I have two outdoor faucets on my house. Each one is about 2 feet above ground level, and each one has a built in vacuum breaker onit. I've lived in this house for 6 months, and this has never been a problem up until now. Recently I have overseeded my entire lawn. I want to hook up water timers to the outdoor faucets so that my lawn gets watered automatically by sprinklers every 12 hours. However, when the water timer has the water shutoff downstream from the vacuum breaker on the faucet, water constantly leaks out of the vacuum breakers.

I've been reading up on these vacuum breakers, and the general opinion I've found on the internet is that they tend to create more problems than they've actually solved. Is there anything I can do to temporarily defeat or remove the vacuum breaker mechanism, so that I can use my water timers for the next month or so without worry about a water leak out of the vacuum breakers?


----------



## AllanJ (Nov 24, 2007)

If you can unscrew the vacuum breaker then just do that. But sometimes these vacuum breakers are screwed on in a fashion that they can't be removed easily.

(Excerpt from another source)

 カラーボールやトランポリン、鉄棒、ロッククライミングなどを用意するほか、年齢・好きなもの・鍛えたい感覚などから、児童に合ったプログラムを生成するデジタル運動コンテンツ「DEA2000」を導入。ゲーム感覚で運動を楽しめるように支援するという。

In some cities outside faucets must have vacuum breakers to reduce the chance of water in garden hoses from being sucked back into the plumbing system. With this in mind some manufacturers intended that a separately purchased vacuum breaker, once installed, be permanently in place. 

One version has a side screw whose head breaks off when tightened. YOu would have to carefully drill it out (without damaging the threads of the end of the faucet).


----------



## downunder (Jun 13, 2008)

Define what you mean by "constantly." 

Is this a hose unit or an installed irrigation system?

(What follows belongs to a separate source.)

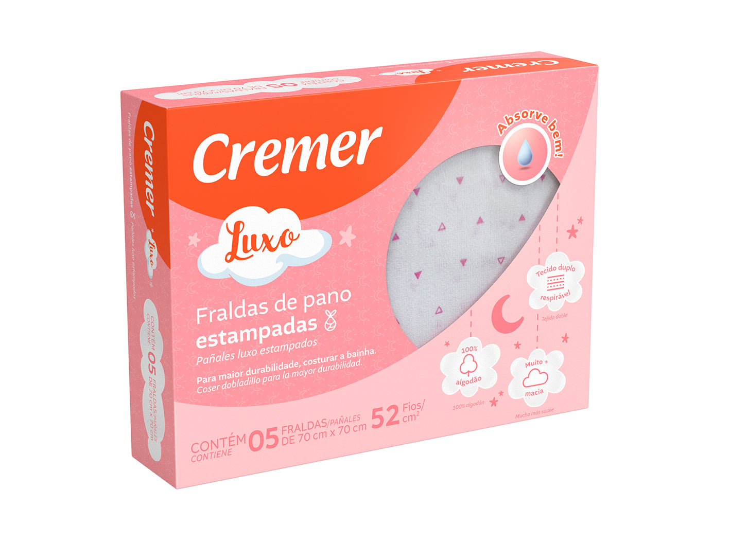 As Fraldas Estampadas Cremer reúnem a leveza de tecido 100% algodão e lindas estampas sublimadas para completar o enxoval do seu bebê. Tem um toque suave e macio e completa o enxoval do seu bebê. A linha Luxo da Cremer tem como principais ingredientes: cuidado, dedicação e muito carinho na criação e desenvolvimento de produtos para bebês.

If I am reading correctly, is this a unit which was installed as part of the house plumbing or an add-on adapter for the hose?

The units I am familiar with are designed to drain more so than "leak" and as such will discharge for a moment. It is possible that the pressure and volume in the irrigation line (or hose) is causing an extended amount of drainage.

Is there any difference in the operation if you disconnect the water line?


----------